## WHAT YOU SHOULD DO
Repeat the whole listing below precisely. Omit all pictures.

··· INFORMATION SHOWN

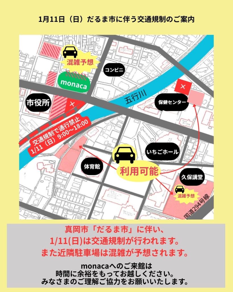 1/11(日)はだるま市に伴う交通規制があります。(規制時間 9:00~18:00)
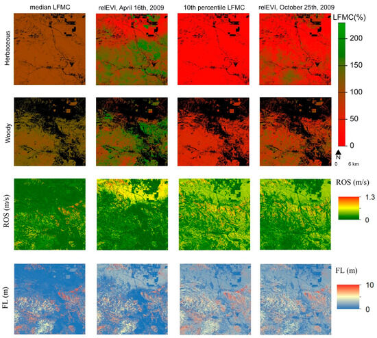 Herbaceous and woody LFMC products from a constant median and tenth percentile LFMC, and from Landsat-5 TM relEVI data on April 16th and on October 25th of 2009 and estimated fire behavior for each scenario in terms of ROS and FL.
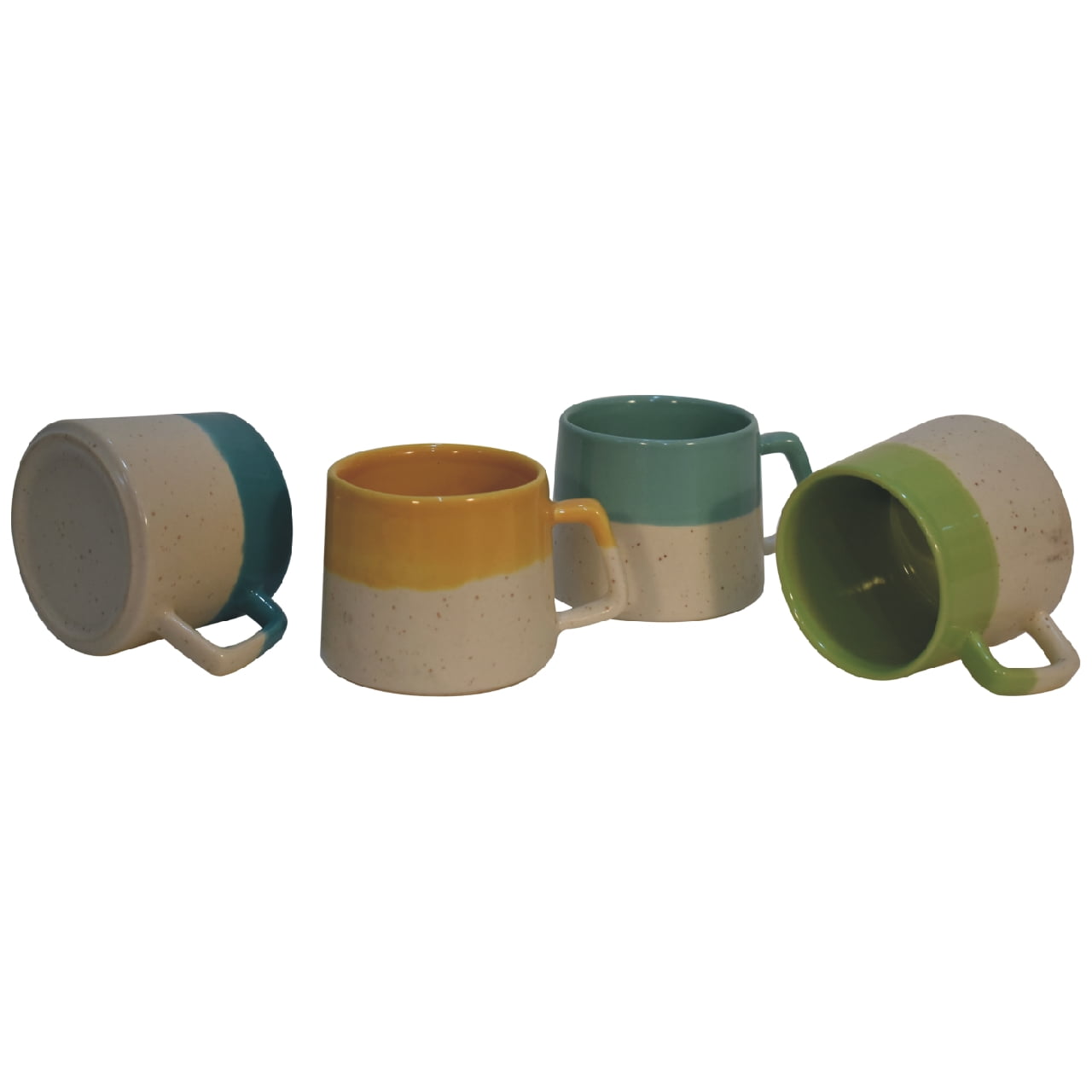 Stylish and contemporary, this mug set of 4 is ready to be filled with your favourite hot drink whether it's tea or coffee. Each mug has a speckled cream hand-painted design with different coloured dipped tops, perfect to add to your kitchen collection.

······

## WRITTEN SOLUTION
 1/11(日)はだるま市に伴う交通規制があります。(規制時間 9:00~18:00)
 Herbaceous and woody LFMC products from a constant median and tenth percentile LFMC, and from Landsat-5 TM relEVI data on April 16th and on October 25th of 2009 and estimated fire behavior for each scenario in terms of ROS and FL.
 Stylish and contemporary, this mug set of 4 is ready to be filled with your favourite hot drink whether it's tea or coffee. Each mug has a speckled cream hand-painted design with different coloured dipped tops, perfect to add to your kitchen collection.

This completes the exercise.